[[ Supplied data open ]]

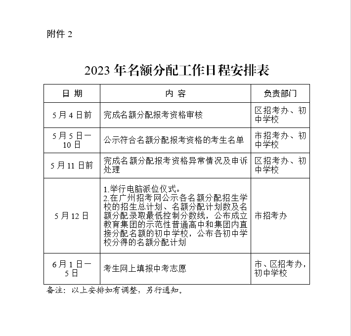 根据《广东省招生委员会办公室 广东省教育厅 广东省人力资源和社会保障厅关于印发〈广东省2023年高中阶段学校招生录取工作实施办法〉的通知》(粤招办〔2023〕3号)和《广州市教育局印发〈关于进一步深化高中阶段学校考试招生制度改革的实施意见〉的通知》(穗教规字〔2018〕8号,以下简称《实施意见》)精神,为做好2023年广州市普通高中名额分配招生工作,现将有关事项通知如下:
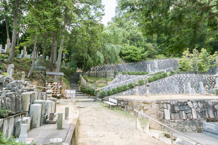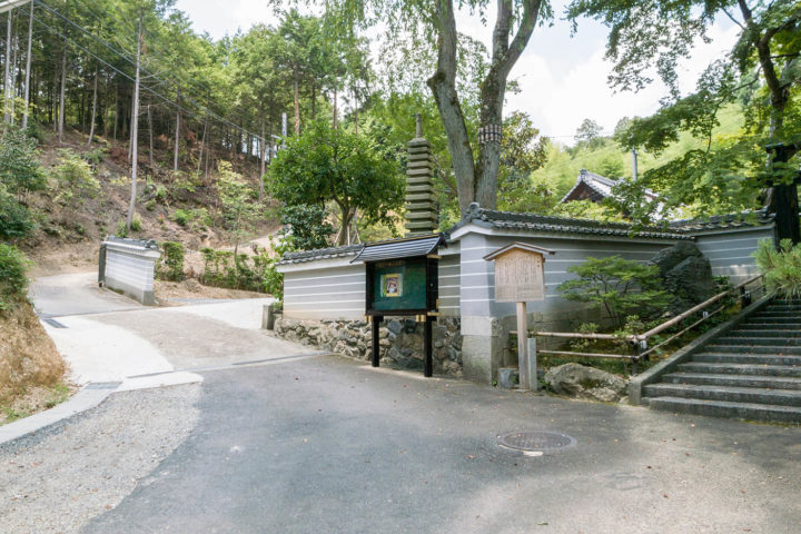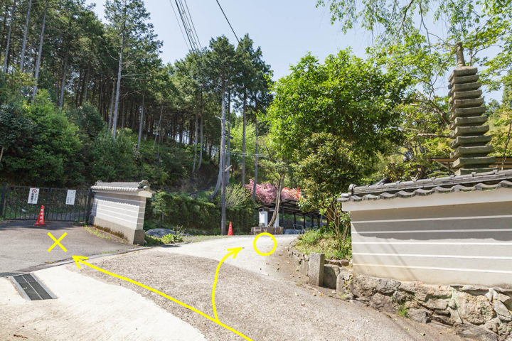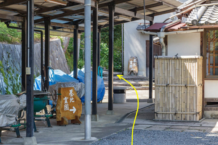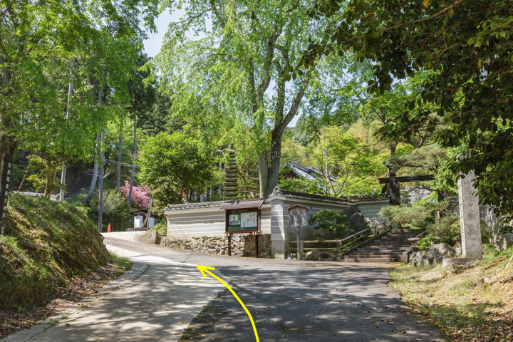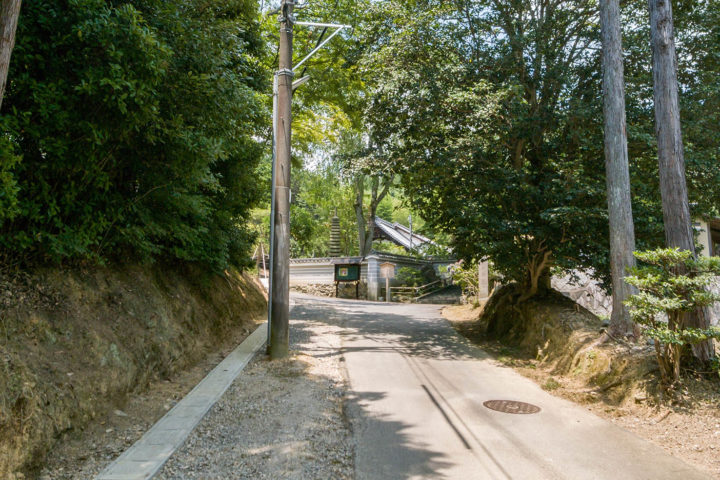 三宝寺の前まで来たら境内へは入らずに、道なりに写真左奥の坂道を上り一般墓地へ向かいます。
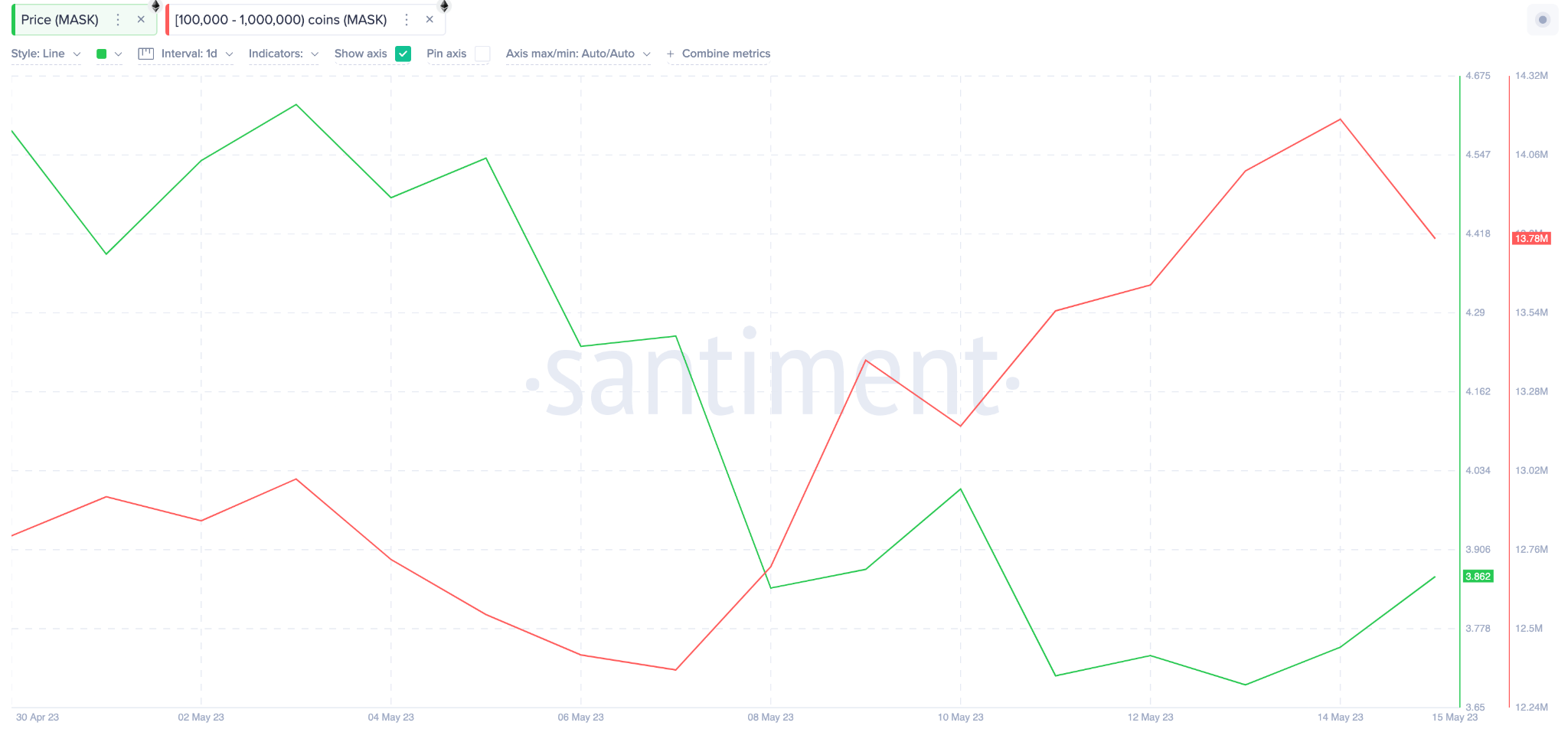 O gráfico abaixo mostra como as baleias criptográficas com 100.000 a 1 milhão de MASK acumularam outros 1,41 milhão de tokens desde 7 de maio.

[[ Supplied data closed ]]

# What you need to do:
Please retype the listing above word for word, skipping each picture.

# Answer to this task:
 根据《广东省招生委员会办公室 广东省教育厅 广东省人力资源和社会保障厅关于印发〈广东省2023年高中阶段学校招生录取工作实施办法〉的通知》(粤招办〔2023〕3号)和《广州市教育局印发〈关于进一步深化高中阶段学校考试招生制度改革的实施意见〉的通知》(穗教规字〔2018〕8号,以下简称《实施意见》)精神,为做好2023年广州市普通高中名额分配招生工作,现将有关事项通知如下:
 三宝寺の前まで来たら境内へは入らずに、道なりに写真左奥の坂道を上り一般墓地へ向かいます。
 O gráfico abaixo mostra como as baleias criptográficas com 100.000 a 1 milhão de MASK acumularam outros 1,41 milhão de tokens desde 7 de maio.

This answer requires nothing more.